こちらは Search & Discovery Writer の Catherine Dee が書いた Mobile Search and Discovery: How to create ultra-user-friendly UX の翻訳です。
あなたがたった今Apple iPhone上で見つけた素敵な商品を取り扱っている近所のお店はどこでしょう?あなたのAndroidの”near me”アプリによるこの地域で最高級なお寿司屋さんはどこでしょうか?

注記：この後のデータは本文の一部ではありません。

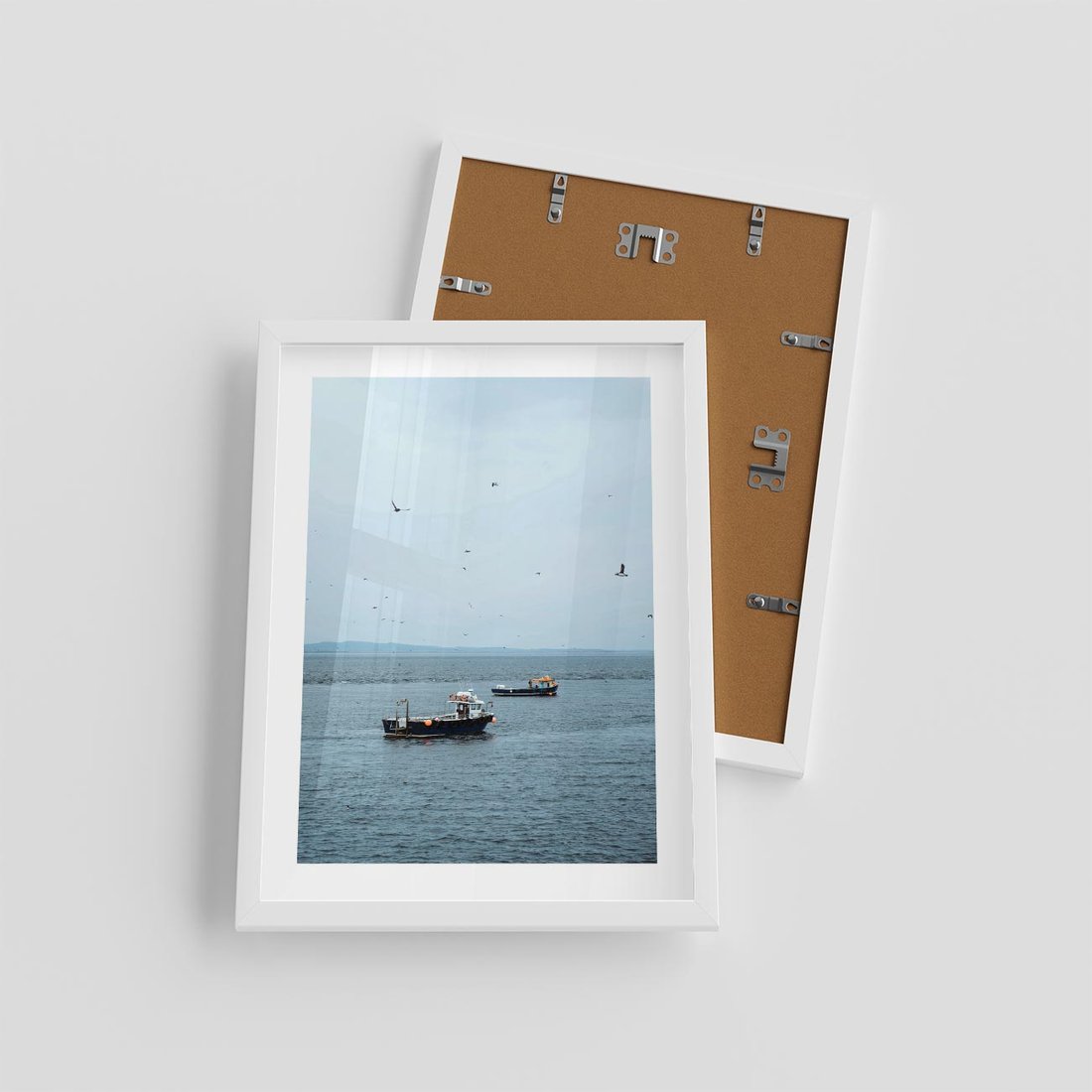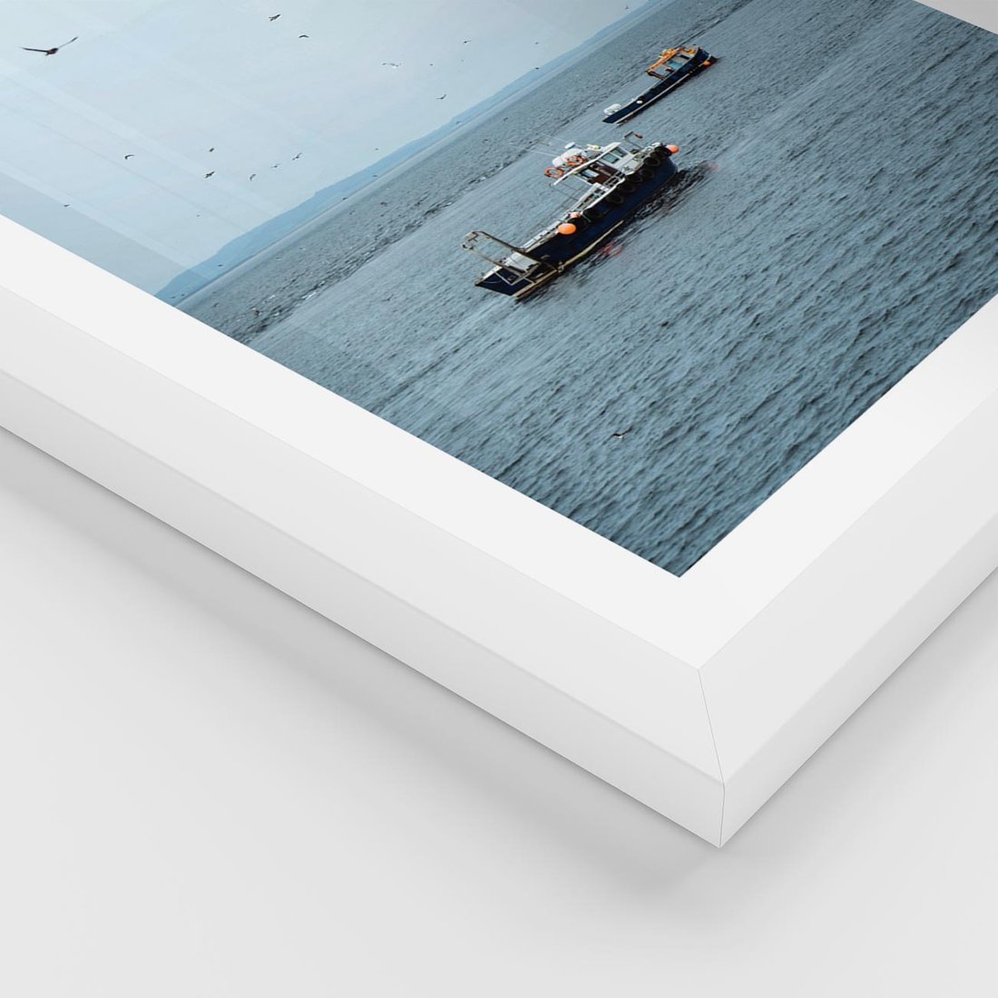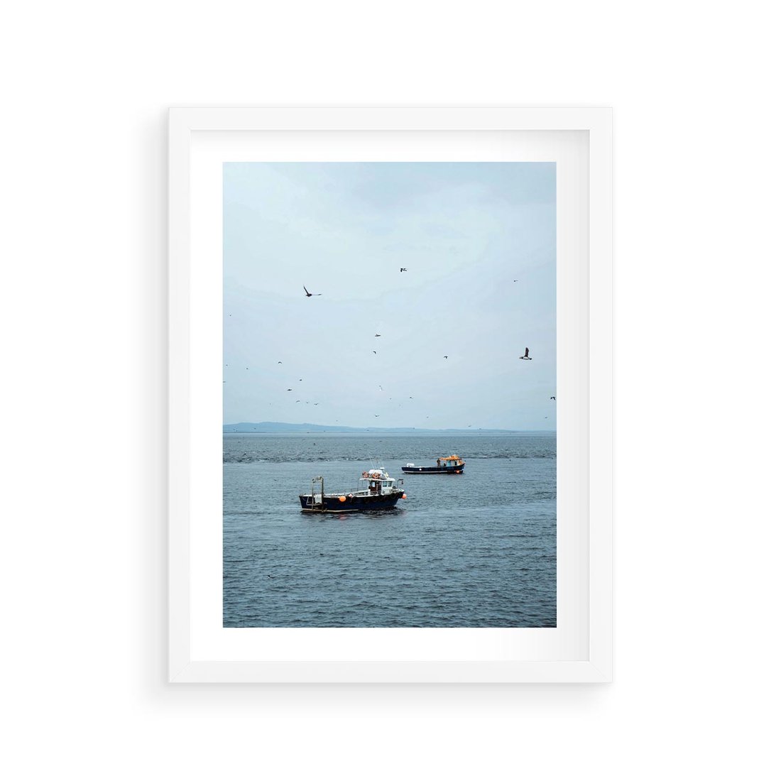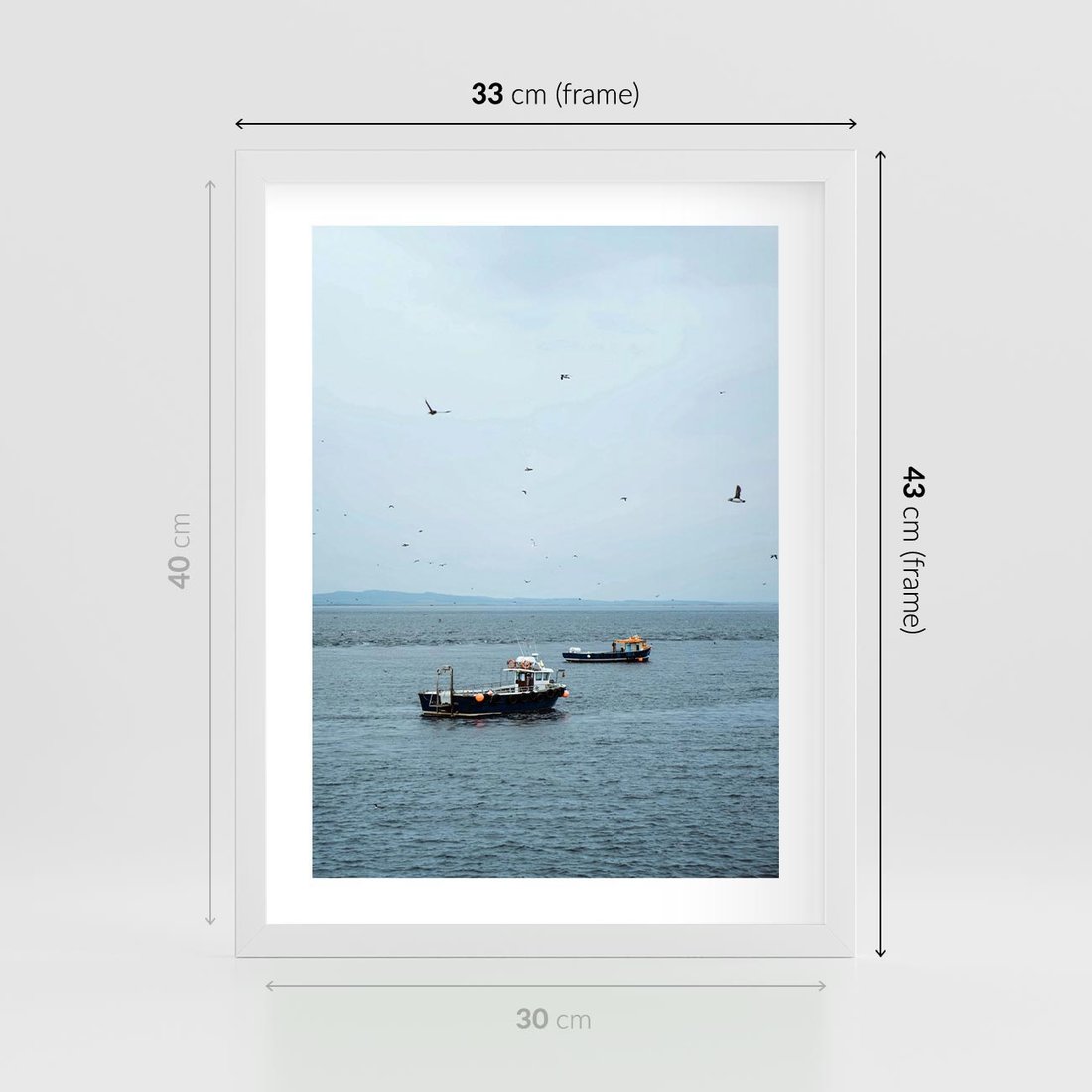 Plakat w ramie 30x40 - Rybacki Urok - morze, kutry rybackie - rama biała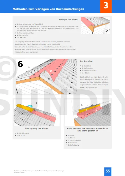 Konkrete Informationen für Ihr Projekt. Alle Geheimnisse, alle Tipps und Tricks für eine erfolgreiche Verlegung Ihrer Dacheindeckungen. Alle Techniken, alle Arten von Dacheindeckungen werden objektiv und unabhängig beschrieben. Detaillierte Ansichten beschreiben alle Schritte des Verlegens.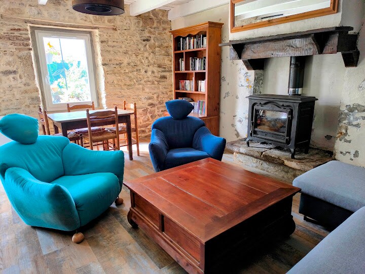 Kamnita hiša v mirnem zaselku. Žarki in izpostavljeni kamni. Kamin z vložkom 1 zaprt notranji vrt in 1 majhen vrt pred hišo. Žar, vrtna garnitura in ležalniki. Brezplačno od: 2 kajaka + jopiči za jadranje po blavici, ki je oddaljena 100 m, 2 mestni kolesi. Livebox 1 Gb/s fiber opener and 700 Mbit/s on stream. Brisače, vrečke za smeti in čistilna sredstva. Filtri za kavo, sladkor, začimbe, sol, olja ... Aluminij...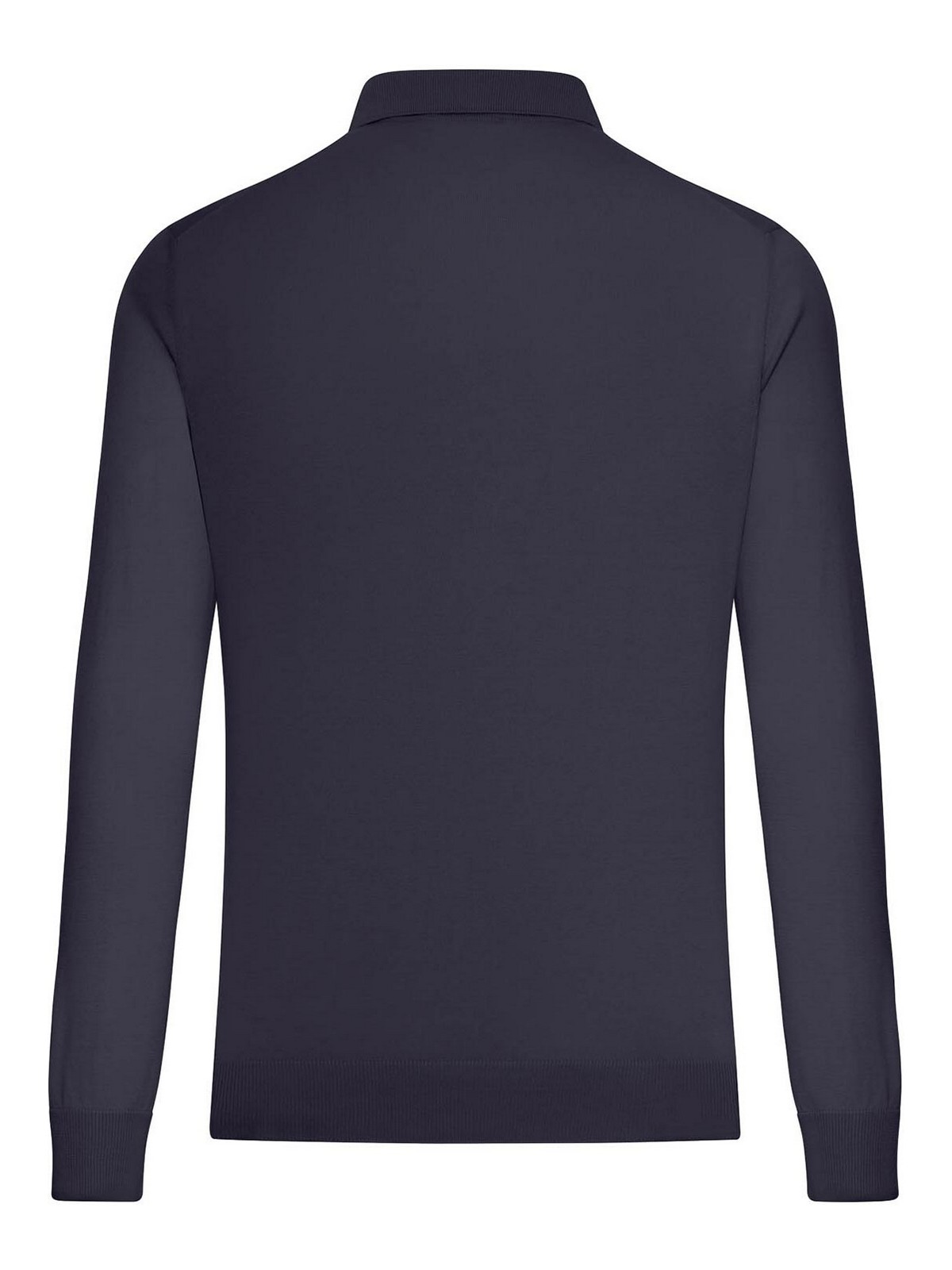 上質でコンパクトな質感の軽量ニットポロシャツ、クラシックカラー、ボタンレス Vネック、リブ編みの袖口付きロングスリーブ、リブ編みの伸縮性ウエストバンド付きストレートヘム、トーン・オン・トーンのトリム、レギュラーフィット、100% オーガニックコットン、色:ブルー

モバイルデバイスで、商品からレストランからニュース記事までを検索することは今や基本的なアクティビティと言えるでしょう: Statista (2021) によると、アメリカでは、Webトラフィックの約半分(全世界では半分以上)がモバイルデバイスを使用する人々によって流れています。外出先で何かを探すといったことに加えて、映画やビデオを閲覧したり(App Storeでダウンロードした、モバイルアプリのNetlifx、Tencent、Amazon Primeなど利用)、ソーシャルメディアを閲覧したり、メールに追いつくようなことをしています。
このような長期的なリアリティのもとで、成功にフォーカスした企業においては、first-rate(最高級)なモバイルアプリを持つことが必須となります。そのためには、素早く、スマートで、使いやすいSearch and Discovery体験を提供する必要があると言えます。
正直に言って、あなたのモバイルアプリはとても使いやすいと言えるでしょうか?アプリユーザーは必要なものをすぐに見つけ出すことができますか?モバイルアプリのデザインというのは、人々に使ってもらって、長期的に定着してもらうという点で大きな違いをもたらすものと言えます。
モバイルを簡単に(そして楽しく)するためのデザイン上のチャレンジ
モバイル検索のUXデザインとディスカバリーにおいては、いくつかのユニークなチャレンジがあります。
- モバイルのスクリーンはデスクトップやラップトップマシンのそれと比べると遥かに小さい
- 仮想キーボードは人間の指で使いこなすには厳しいもの
- モバイルの接続状況は変化しやすい
- モバイルは座っていない状況で使われることが多い。歩いている時、車を運転している時、地下鉄に乗っている時、公園で子どもたちと遊んでいる時など
- 素晴らしいモバイルUXは、最小限のインタラクションしか必要しないものの、Search and Discoveryの成功は複雑なものである
幸運なことに、こういったチャレンジを克服して、検索バーを効果的に配置したり、検索結果を最適な形で表示するための既に実証がなされた方法が存在します。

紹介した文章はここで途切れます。